There are probably some issues with doing this from an operational standpoint – primarily the fact that large PBMs maintain multiple MAC lists for different clients and networks, and associating the right MAC to the right BIN/PCN/Group/Network may be difficult to implement at the pharmacy level. However, I think that the practice of maintaining multiple MAC lists is illegitimate anyway, and should be done away with. If $5/tablet is the MAXIMUM allowable cost for one plan and one pharmacy, it should be the MAXIMUM for all plans and pharmacies for a given PBM.
To those who would oppose this kind of process – this is how open markets work. Closed/controlled markets like the current PBM model allow substantial margins to be taken by those who have access to all of the price information – with mystery comes margin, after all. Monopolists across industries seem to try to control the flow of pricing information in their market (see the beef market, for example, or DoorDash, or Uber.) Open transmission of price information is essential to any open market economy, and preventing pharmacies from obtaining readily useful price information is fundamentally opposed to market economy principles. If PBMs truly function to lower prices, then providing price information to allow pharmacies to set more rational U&C price points (and strategically setting U&C LOWER than MAC price points, such as when there is a large spread between actual cost and MAC providing an opportunity to attract more business through pricing decisions, especially from high deductible plan beneficiaries who pay full negotiated price) should be top of mind for PBM entities operating in good faith.

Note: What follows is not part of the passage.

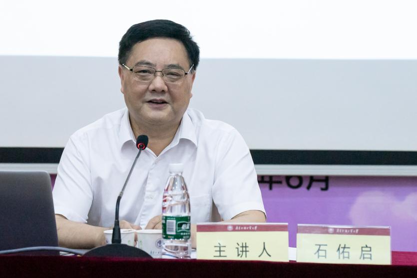 石佑启以“学习贯彻习近平法治思想 深入全面推进依法治国”为主题,运用生动语言、相关案例,从重大意义、核心要义、内在逻辑以及实践要求四个方面,对习近平法治思想进行了专题讲解。特别是对习近平法治思想中的“十一个坚持”,作了系统、全面、深入的解读,为全体学员上了一堂生动的法治教育课。

In summary – the proposal here is this: MAC prices should be published in their entirety to pharmacies via .832 catalog or a similar computer software-digestible format as often as they are changed.
Ok - hear this out.
1. Automate the requesting of the MAC list on a weekly basis.
2. Automate the response back from excel --> a database.
3. layer an API on top of that, where it will automatically give you NADAC (proxy-acquisition) and slightly-outdated MAC (proxy-reimbursement). BOOM! transparency without asking anybody for permission or to be nice to you.
Put drug in, get a reasonable estimate out.
I feel that both the big wholesalers (they should use universally-compatible APIs) and PBM make it hard to price-discover intentionally and they will fight really hard to keep it this way.
(0.832 catalog files and other exotic files formats are really annoying to work with, that's why non-pharmacy wholesalers don't want to touch them. Everyone uses and likes APIs)
Side note: it's worth noting that *prescribers* can access pricing through real-time benefit tools (RTBTs, also called real time pharmacy benefit check tools).
So prescribers have more insight into a pharmacy's pricing than the pharmacy itself does.
Plus, this pricing reflects what phase of the deductible the patient is in.
Why not let pharmacies access RTBTs?